What you should do: The span to repeat in the listing below runs from the line containing "Chapéu de pelúcia" to the line containing "机械工程学院团委书记苏洁红受", inclusive. Repeat it exactly, and only it.

Data:
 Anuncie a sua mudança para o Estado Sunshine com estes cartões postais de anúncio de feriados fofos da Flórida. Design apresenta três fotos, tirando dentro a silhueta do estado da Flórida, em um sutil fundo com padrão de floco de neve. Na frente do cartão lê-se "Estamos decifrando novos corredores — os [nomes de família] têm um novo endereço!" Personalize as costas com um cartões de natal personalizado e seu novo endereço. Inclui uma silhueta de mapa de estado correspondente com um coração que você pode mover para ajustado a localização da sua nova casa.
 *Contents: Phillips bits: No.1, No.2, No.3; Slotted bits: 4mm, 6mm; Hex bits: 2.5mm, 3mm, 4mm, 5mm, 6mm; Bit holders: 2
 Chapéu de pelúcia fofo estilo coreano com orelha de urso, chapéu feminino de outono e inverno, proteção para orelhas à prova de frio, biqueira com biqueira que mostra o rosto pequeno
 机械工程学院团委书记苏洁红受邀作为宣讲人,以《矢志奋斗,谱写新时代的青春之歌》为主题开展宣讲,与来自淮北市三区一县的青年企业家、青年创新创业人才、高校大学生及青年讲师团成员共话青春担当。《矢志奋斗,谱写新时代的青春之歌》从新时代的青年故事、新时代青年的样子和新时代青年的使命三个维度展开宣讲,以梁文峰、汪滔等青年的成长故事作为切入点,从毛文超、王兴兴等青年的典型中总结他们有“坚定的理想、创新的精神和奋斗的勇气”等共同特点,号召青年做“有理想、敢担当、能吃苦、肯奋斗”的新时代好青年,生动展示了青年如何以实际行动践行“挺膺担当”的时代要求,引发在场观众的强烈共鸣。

* * *

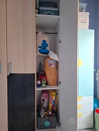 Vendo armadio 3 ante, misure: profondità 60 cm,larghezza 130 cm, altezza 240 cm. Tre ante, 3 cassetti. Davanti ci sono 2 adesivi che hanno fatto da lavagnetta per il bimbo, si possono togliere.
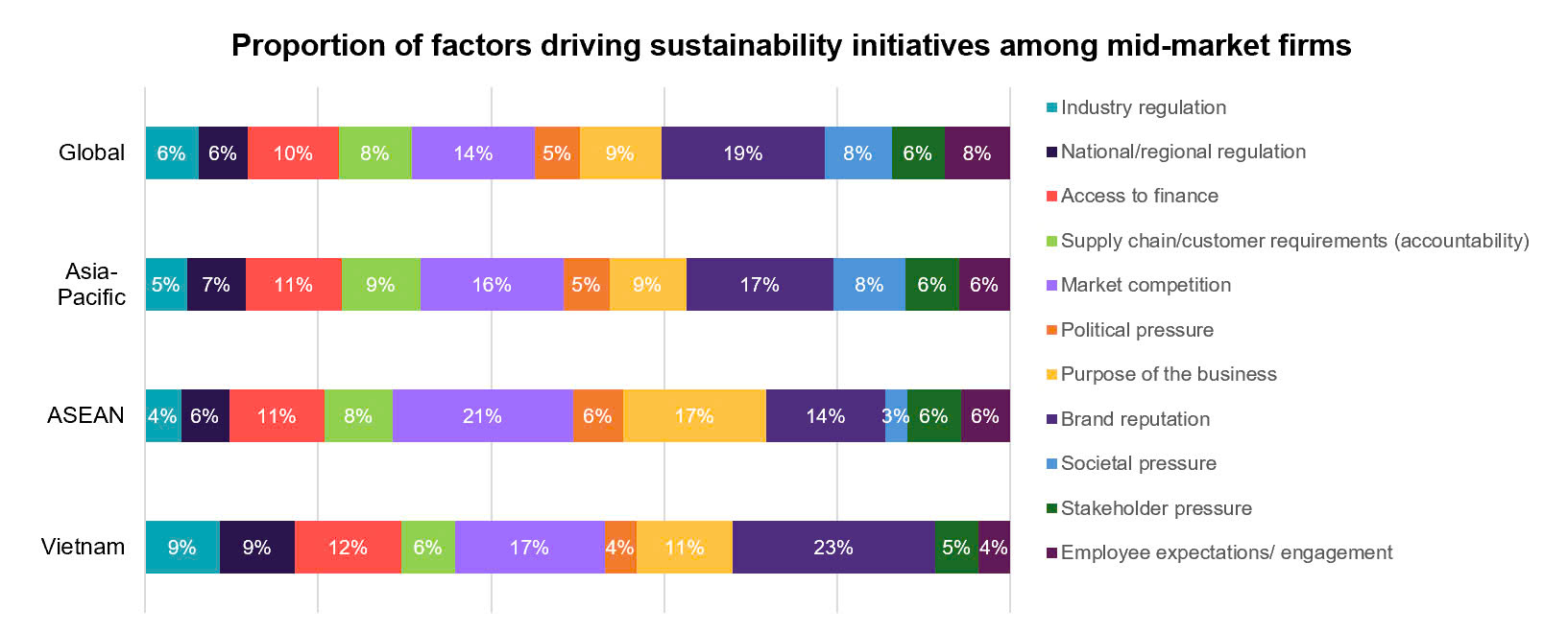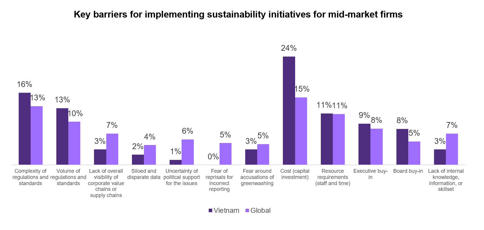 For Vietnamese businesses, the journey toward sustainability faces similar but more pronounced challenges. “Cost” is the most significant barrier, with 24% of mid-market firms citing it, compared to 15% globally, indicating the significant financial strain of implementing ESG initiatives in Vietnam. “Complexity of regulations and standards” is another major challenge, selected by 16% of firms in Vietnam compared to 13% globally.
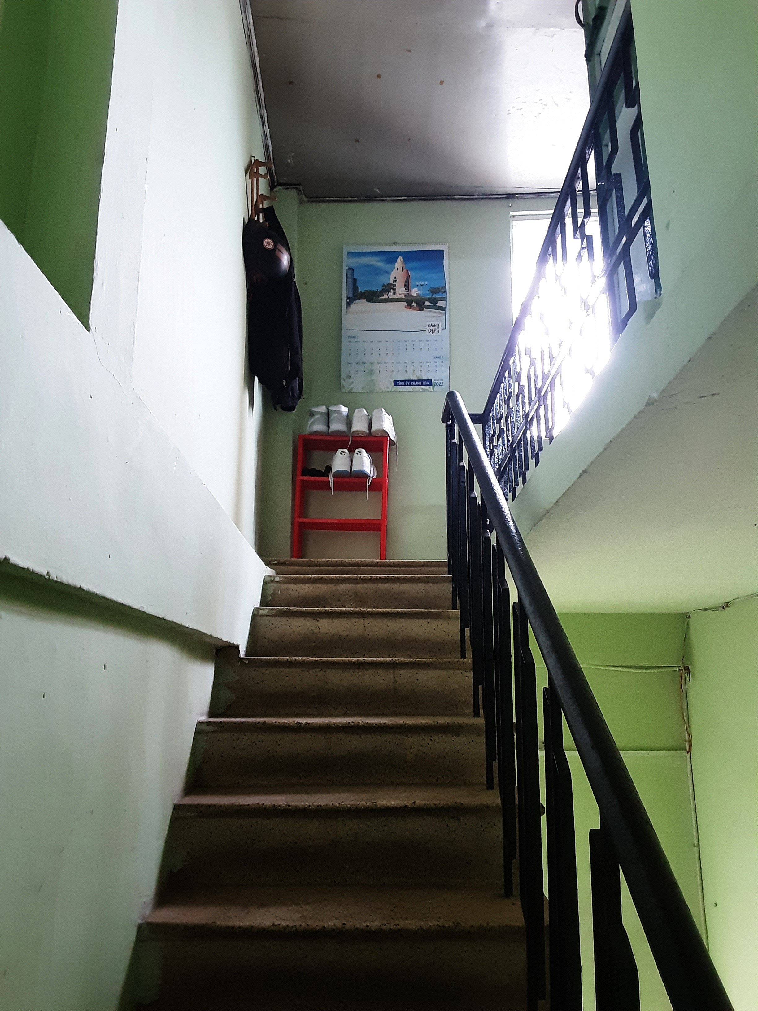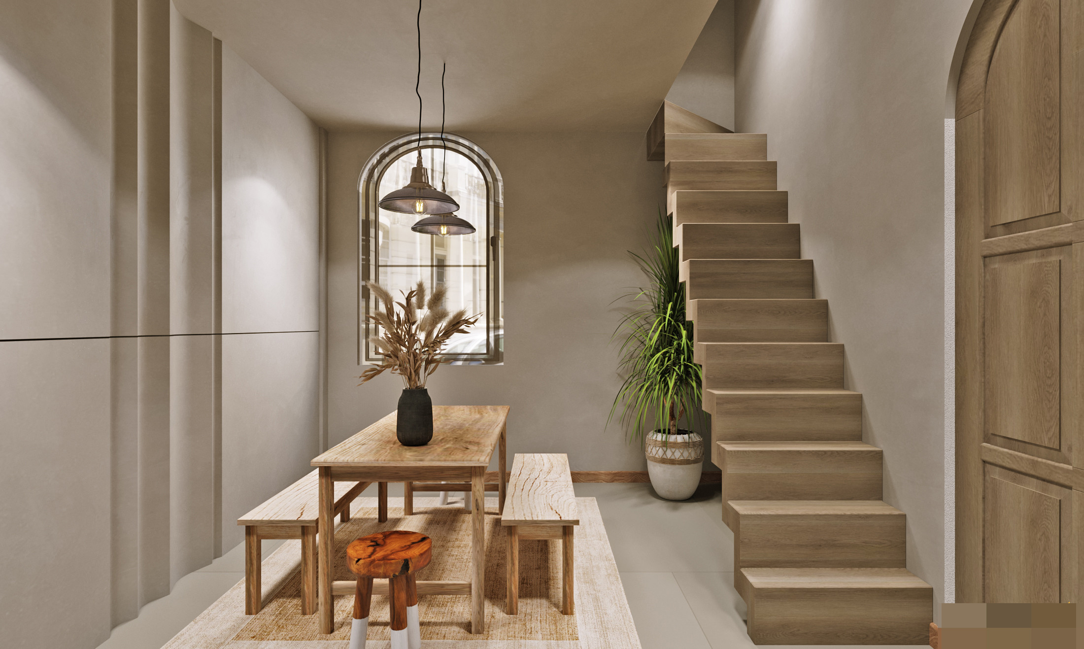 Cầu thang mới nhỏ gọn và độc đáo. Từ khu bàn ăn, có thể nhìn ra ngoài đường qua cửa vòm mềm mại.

* * *

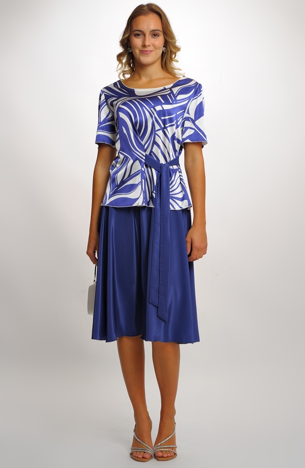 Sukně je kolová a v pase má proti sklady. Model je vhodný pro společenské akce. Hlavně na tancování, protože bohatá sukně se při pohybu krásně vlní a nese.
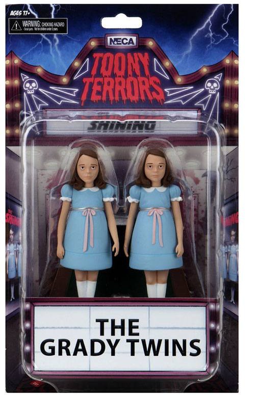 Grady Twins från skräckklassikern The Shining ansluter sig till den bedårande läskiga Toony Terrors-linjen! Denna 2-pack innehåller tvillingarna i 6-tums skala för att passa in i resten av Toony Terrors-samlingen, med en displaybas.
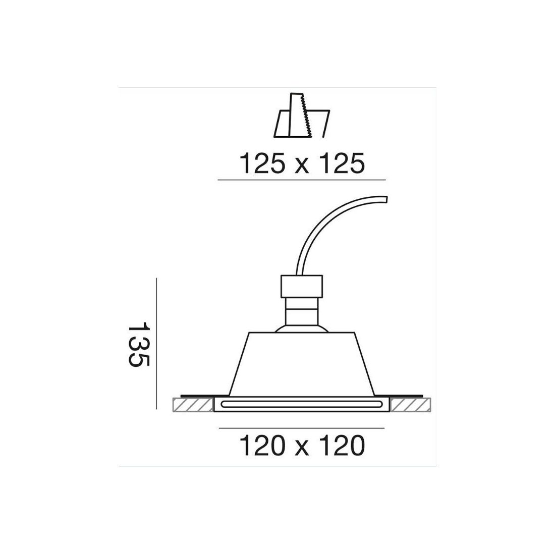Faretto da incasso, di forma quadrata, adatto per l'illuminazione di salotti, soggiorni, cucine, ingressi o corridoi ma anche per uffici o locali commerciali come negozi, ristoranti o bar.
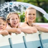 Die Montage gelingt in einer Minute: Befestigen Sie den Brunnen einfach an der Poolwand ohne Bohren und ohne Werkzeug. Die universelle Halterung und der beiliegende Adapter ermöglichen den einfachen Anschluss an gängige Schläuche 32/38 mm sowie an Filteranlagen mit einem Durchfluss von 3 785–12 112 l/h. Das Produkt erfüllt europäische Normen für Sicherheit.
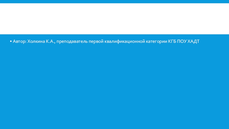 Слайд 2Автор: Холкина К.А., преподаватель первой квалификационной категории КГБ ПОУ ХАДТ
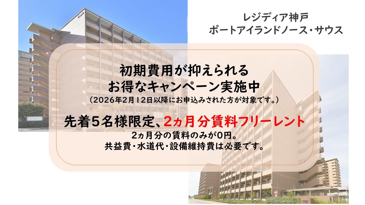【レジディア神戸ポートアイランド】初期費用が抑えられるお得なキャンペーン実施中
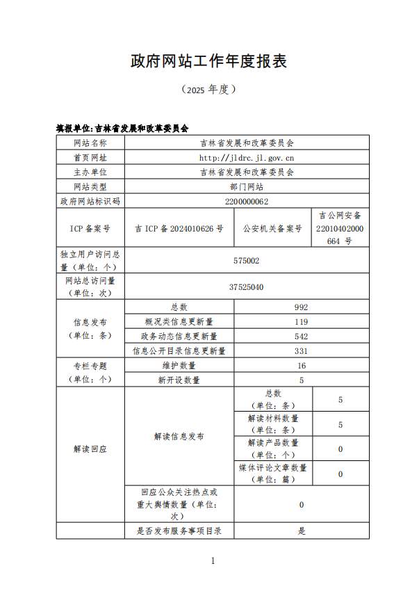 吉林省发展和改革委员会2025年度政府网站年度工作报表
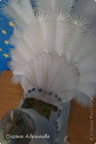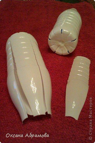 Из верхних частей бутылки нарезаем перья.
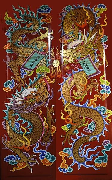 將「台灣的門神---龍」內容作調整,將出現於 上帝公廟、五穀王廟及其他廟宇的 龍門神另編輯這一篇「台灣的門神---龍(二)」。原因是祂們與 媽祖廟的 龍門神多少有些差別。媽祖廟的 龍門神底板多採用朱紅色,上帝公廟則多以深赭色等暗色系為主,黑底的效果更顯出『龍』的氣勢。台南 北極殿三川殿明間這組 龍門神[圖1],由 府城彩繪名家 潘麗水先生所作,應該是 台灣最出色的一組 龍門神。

Your solution:
 Chapéu de pelúcia fofo estilo coreano com orelha de urso, chapéu feminino de outono e inverno, proteção para orelhas à prova de frio, biqueira com biqueira que mostra o rosto pequeno
 机械工程学院团委书记苏洁红受邀作为宣讲人,以《矢志奋斗,谱写新时代的青春之歌》为主题开展宣讲,与来自淮北市三区一县的青年企业家、青年创新创业人才、高校大学生及青年讲师团成员共话青春担当。《矢志奋斗,谱写新时代的青春之歌》从新时代的青年故事、新时代青年的样子和新时代青年的使命三个维度展开宣讲,以梁文峰、汪滔等青年的成长故事作为切入点,从毛文超、王兴兴等青年的典型中总结他们有“坚定的理想、创新的精神和奋斗的勇气”等共同特点,号召青年做“有理想、敢担当、能吃苦、肯奋斗”的新时代好青年,生动展示了青年如何以实际行动践行“挺膺担当”的时代要求,引发在场观众的强烈共鸣。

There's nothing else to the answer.